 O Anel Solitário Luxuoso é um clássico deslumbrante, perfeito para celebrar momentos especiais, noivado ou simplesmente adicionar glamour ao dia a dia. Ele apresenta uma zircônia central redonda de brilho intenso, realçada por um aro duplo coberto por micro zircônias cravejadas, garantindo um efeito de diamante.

==

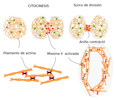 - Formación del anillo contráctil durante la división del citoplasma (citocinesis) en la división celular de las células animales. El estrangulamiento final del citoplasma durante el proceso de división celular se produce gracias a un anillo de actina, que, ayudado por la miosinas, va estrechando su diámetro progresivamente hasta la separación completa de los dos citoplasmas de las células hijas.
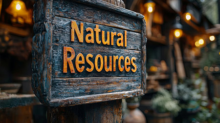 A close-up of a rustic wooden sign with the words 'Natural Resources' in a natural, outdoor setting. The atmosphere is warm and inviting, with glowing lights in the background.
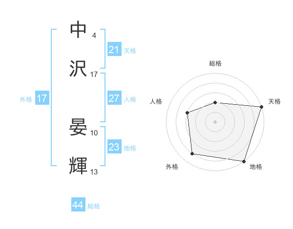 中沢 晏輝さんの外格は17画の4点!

Exercise instructions:
Starting at the line above that contains "A close-up of", transcribe every line exactly through the line that contains "中沢 晏輝さんの外格は17画の4点!", including that last one, and skip the pictures.

Task response:
 A close-up of a rustic wooden sign with the words 'Natural Resources' in a natural, outdoor setting. The atmosphere is warm and inviting, with glowing lights in the background.
 中沢 晏輝さんの外格は17画の4点!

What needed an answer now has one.